Olfactory hallucination are nothing to be sniffed at
Have you ever found yourself commenting on the sudden smell of burnt toast, much to the bewilderment of your family? Or were sure you could smell something foul, yet others around you were baffled and unable to detect anything? Well, you may well have been experiencing phantosmia.
Phantosmia is the name for olfactory hallucination – in other words, when you detect smells that aren’t actually there. And it is a symptom sometimes reported by people with multiple sclerosis (MS).
The smells detected can vary hugely from person to person, and they can be extremely pleasant, or completely foul. The odours can come and go, or someone may be able to smell them all of the time.

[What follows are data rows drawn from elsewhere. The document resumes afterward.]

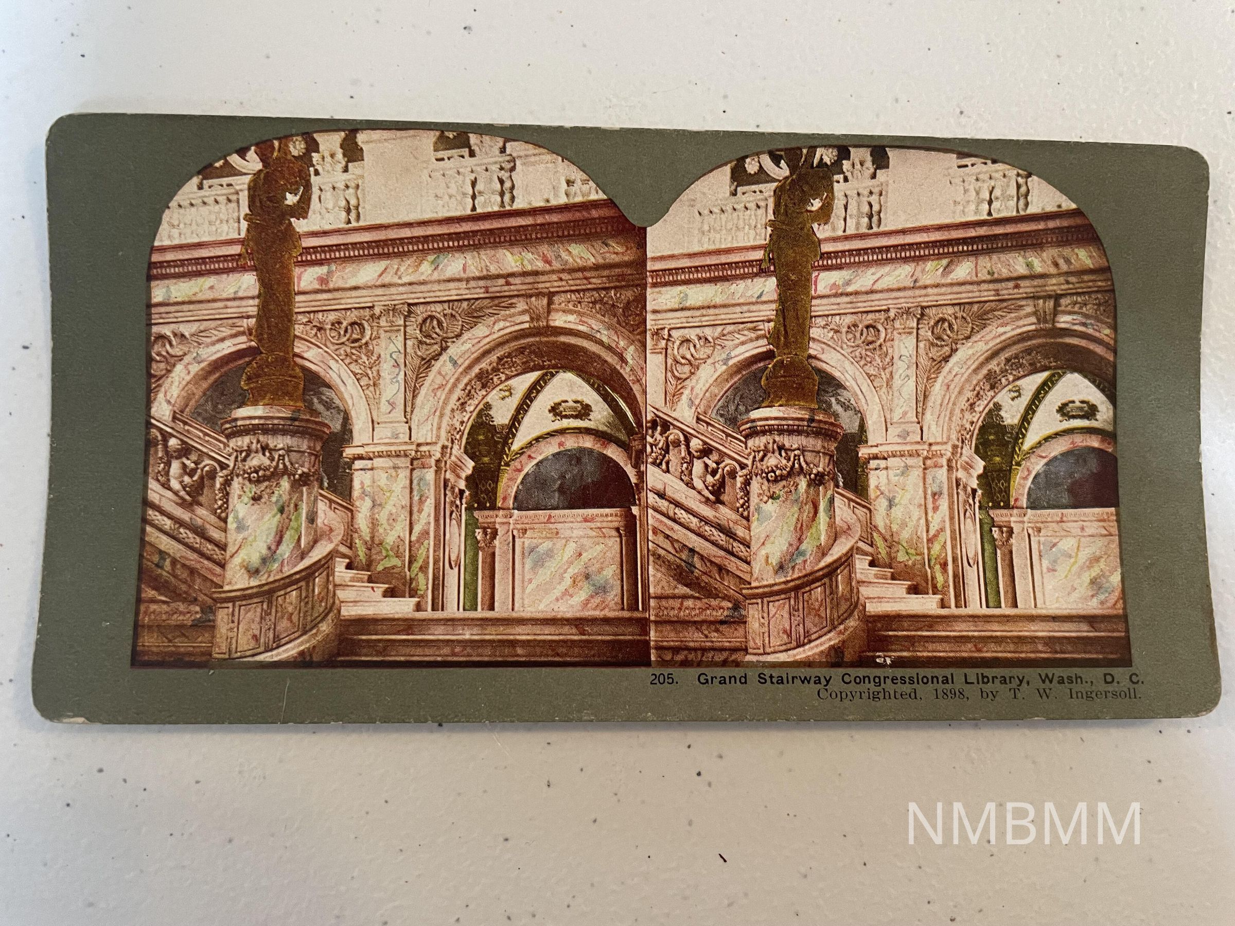 This item is a stereograph containing two images of the grand stairway in the Congressional Library in Washington,D.C- with a description of the Library of Congress on the back.
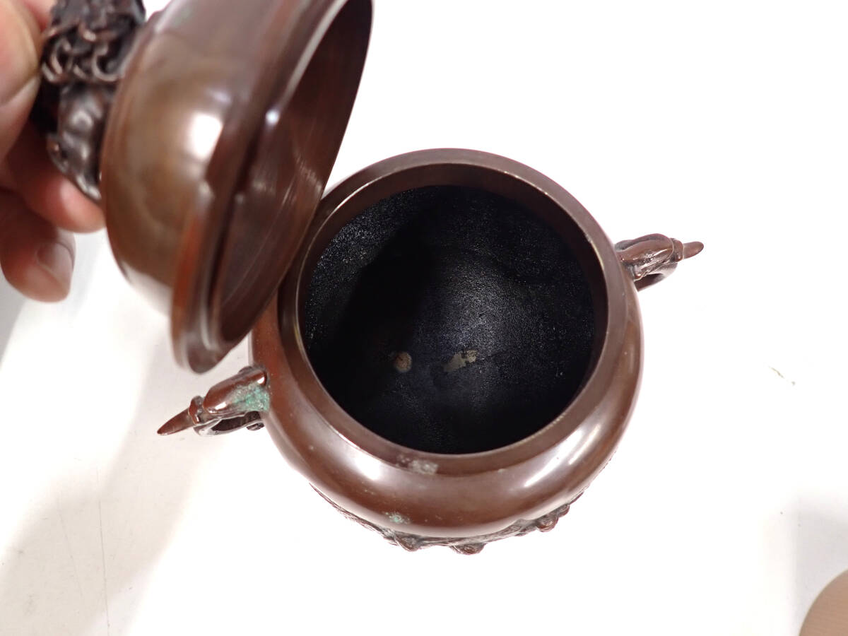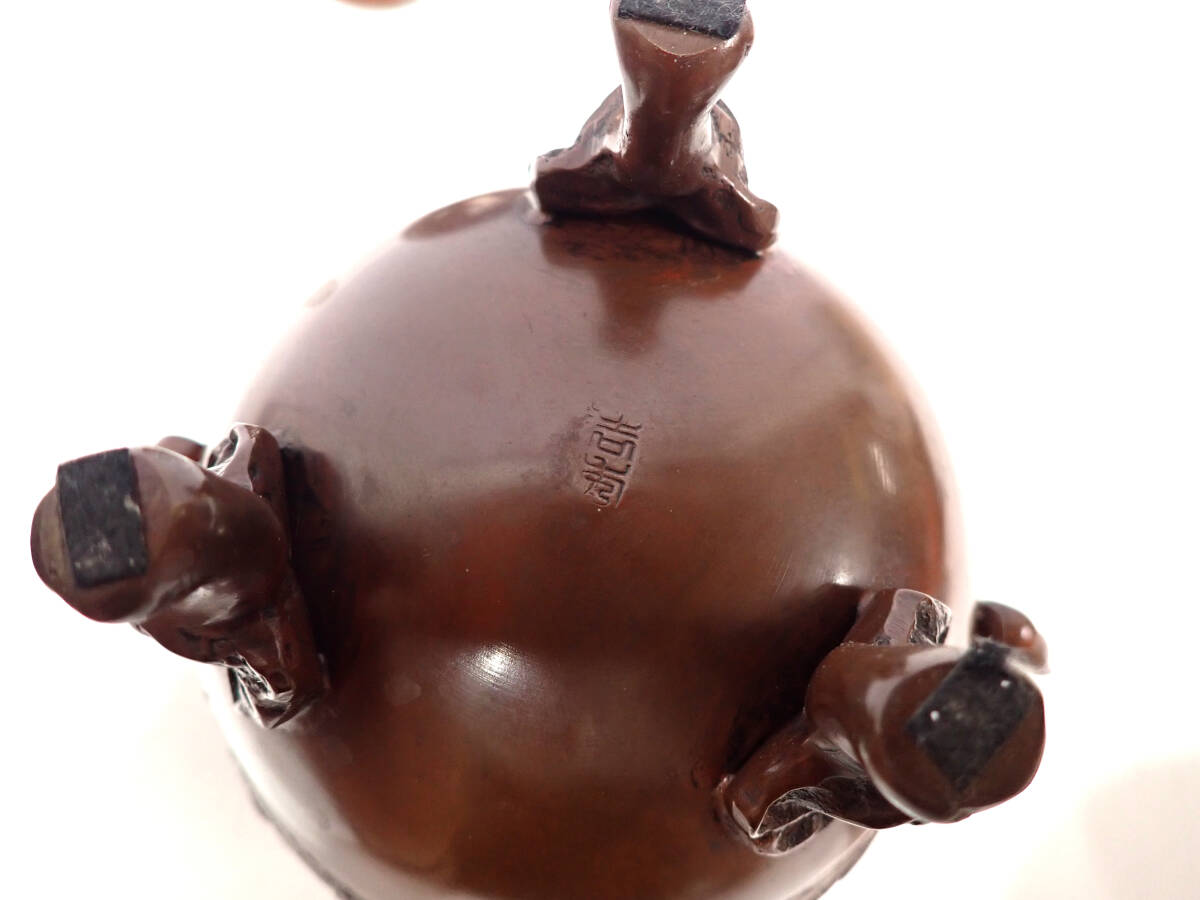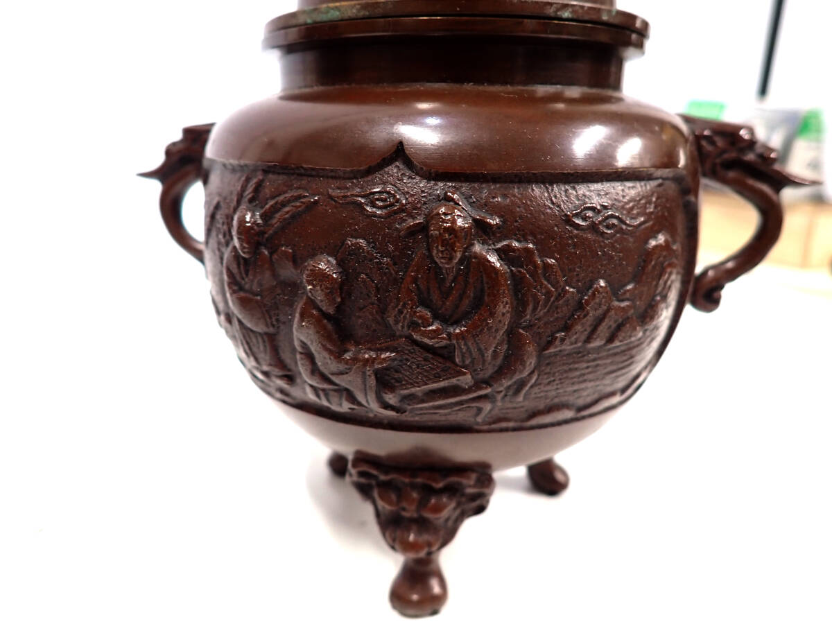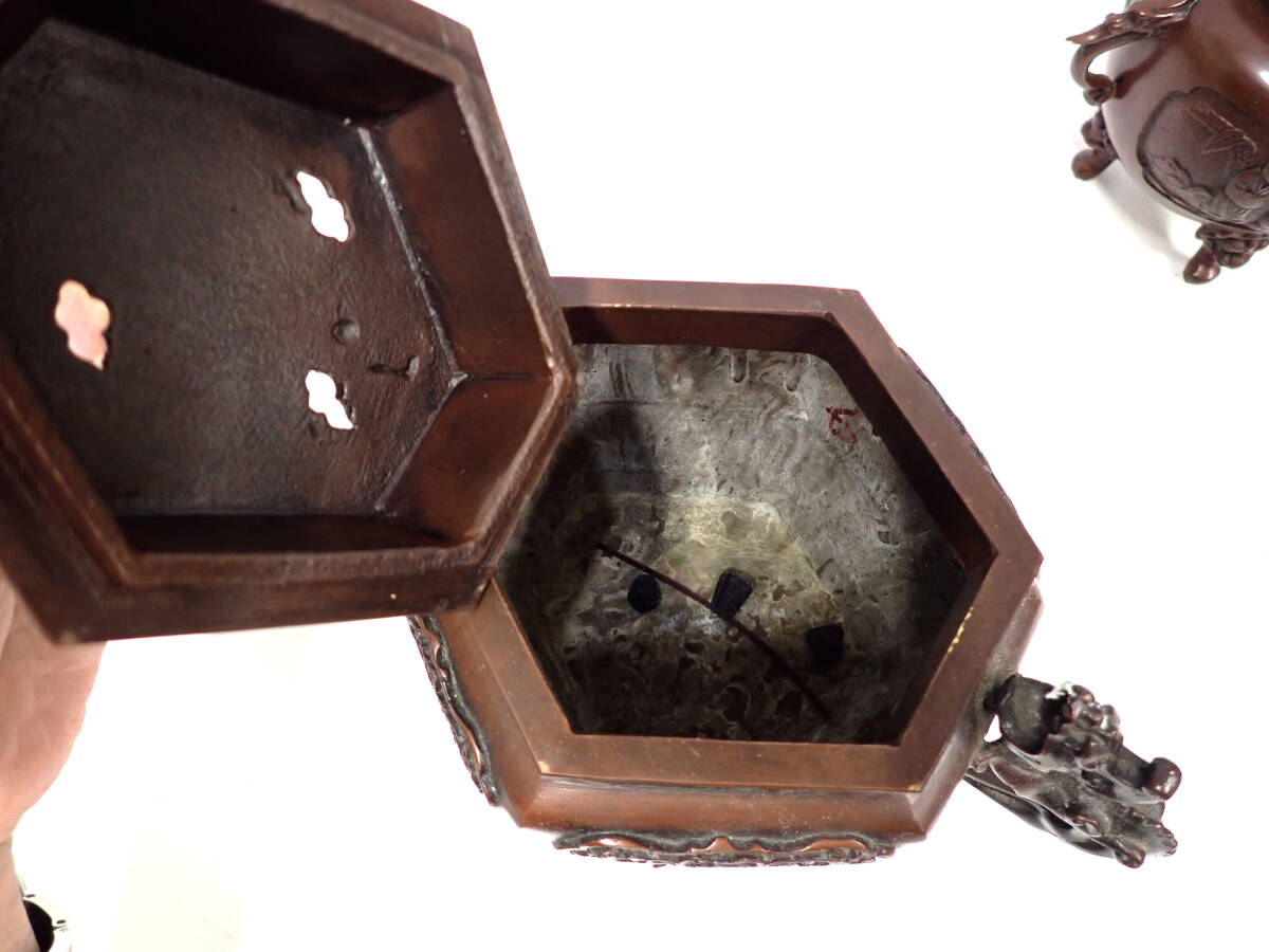 高岡銅器の名工【米田秀保】/能作吉秀 鋳銅 双龍文龍耳六角香炉 人物刻 3足香炉 2個セット 茶道具 煎茶器 中国 管1238
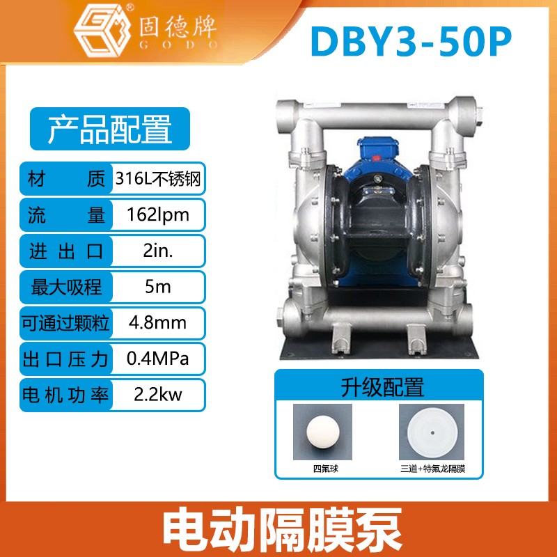固德牌電動隔膜泵DBY3-50P不銹鋼系列自吸無堵塞隔膜水泵耐酸堿耐腐蝕
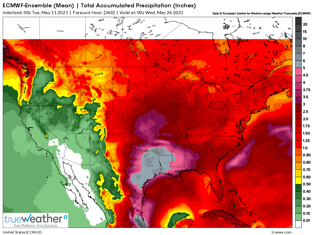 Rain forecast for 2 weeks from the just out Euro Ensemble
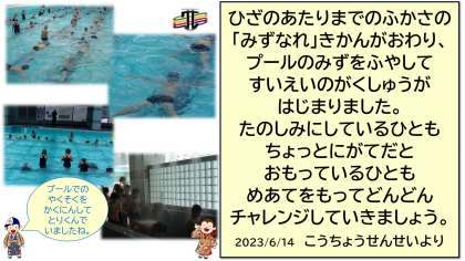 13日(火)から、水位をあげて、いよいよ全学年の水泳の学習が始まりました。
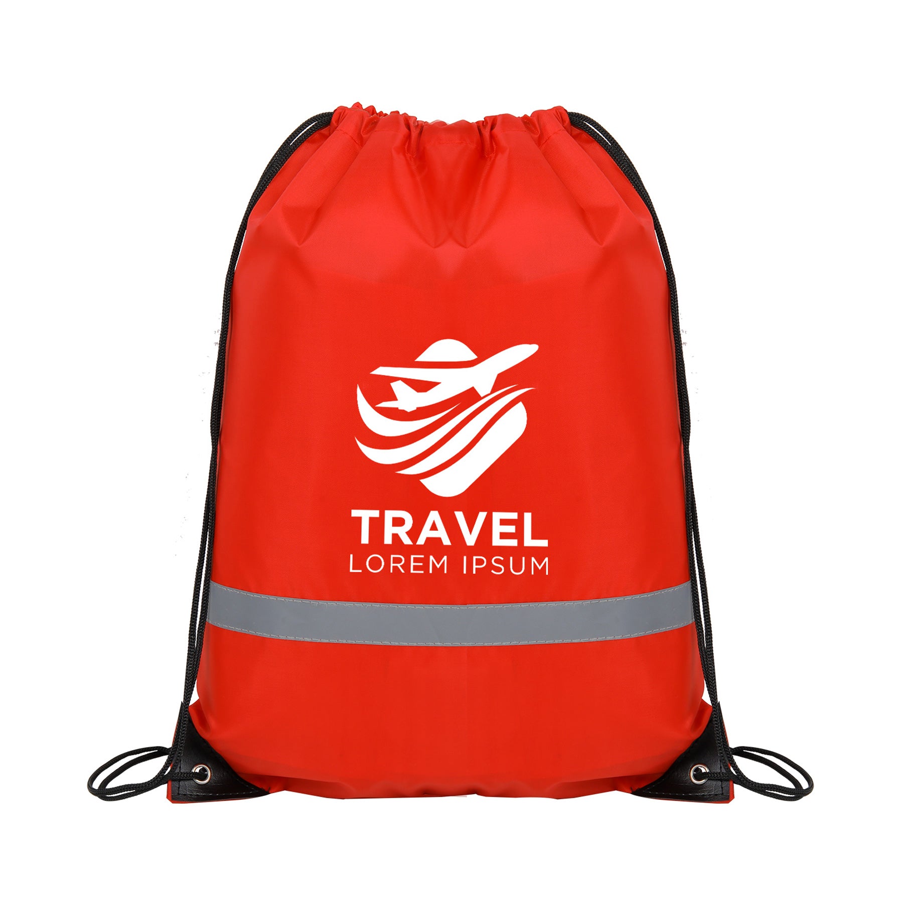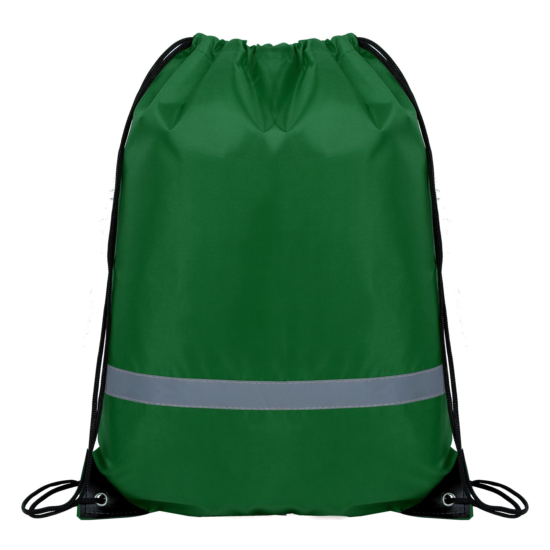This safety drawstring bag is made of high density 210D polyester material with contrasting simulated leather reinforcement trim at the corners. It is a Lightweight fabric that is also very sturdy and withstands daily wear and tear. It features an open top with shoulder straps that cinch the bag shut for quick access and a reflective stripe on front for added safety. Reinforced corners with metal grommets make the drawstring bag very durable.
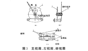 电磁阻尼器的工作原理。电磁阻尼器由磁钢、连接件、金属板等组装后为一体。指针的配重为导电金属铝合金,根据电磁感应定律,配重在磁场中运动,切割磁力线.必然产生感应电动势,从而在配重中产生涡电流;磁场对带电导体必然产生作用力,而此作用力恰好起到阻碍配重在磁场中运动的作用,配重运动的速度越大,产生的反作用也越大,其效果类似于阻尼器,从而使电磁阻尼器起到降低指针摆动频率、幅度的作用.达到稳定的效果。
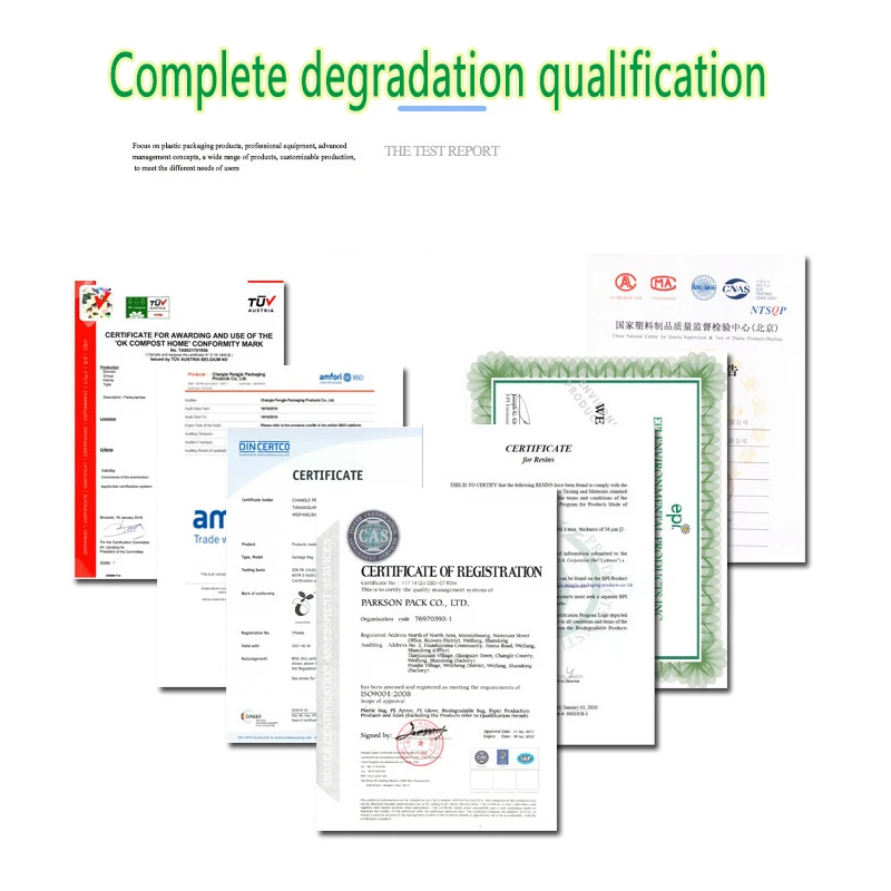 Fully biodegradable express bags can be completely degraded in a natural environment within 12-24 months, and in a humid environment within 6-8 months. Degraded into carbon dioxide, water and organic matter under certain natural environment. No pollution

So far, science knows that phantosmia can be caused by a number of things. These include inflamed sinuses, brain tumours, temporal lobe seizures, head injury, upper respiratory infections and Parkinson’s disease.
Smell and MS
The sense of smell has long been used in sensory evoked potential testing to monitor the progression of MS, even though some doctors feel this option is not as reliable as visual evoked potential testing.
Smell is regulated by a network that includes the olfactory nerve and other areas of the brain. The nerve doesn’t have much myelin, and scientists previously thought the sense of smell was relatively untouched by MS. But research has since shown that olfaction is often damaged in the early stages of neurodegenerative disease, such as Alzheimer’s and Parkinson’s.
One three-year study, which looked at 20 people with MS, found that around half of people with the condition have a reduced sense of smell, and that olfactory impairment may be a marker for disease progression.
Consult your doctor if you are experiencing phantosmia, so that other conditions can be ruled out.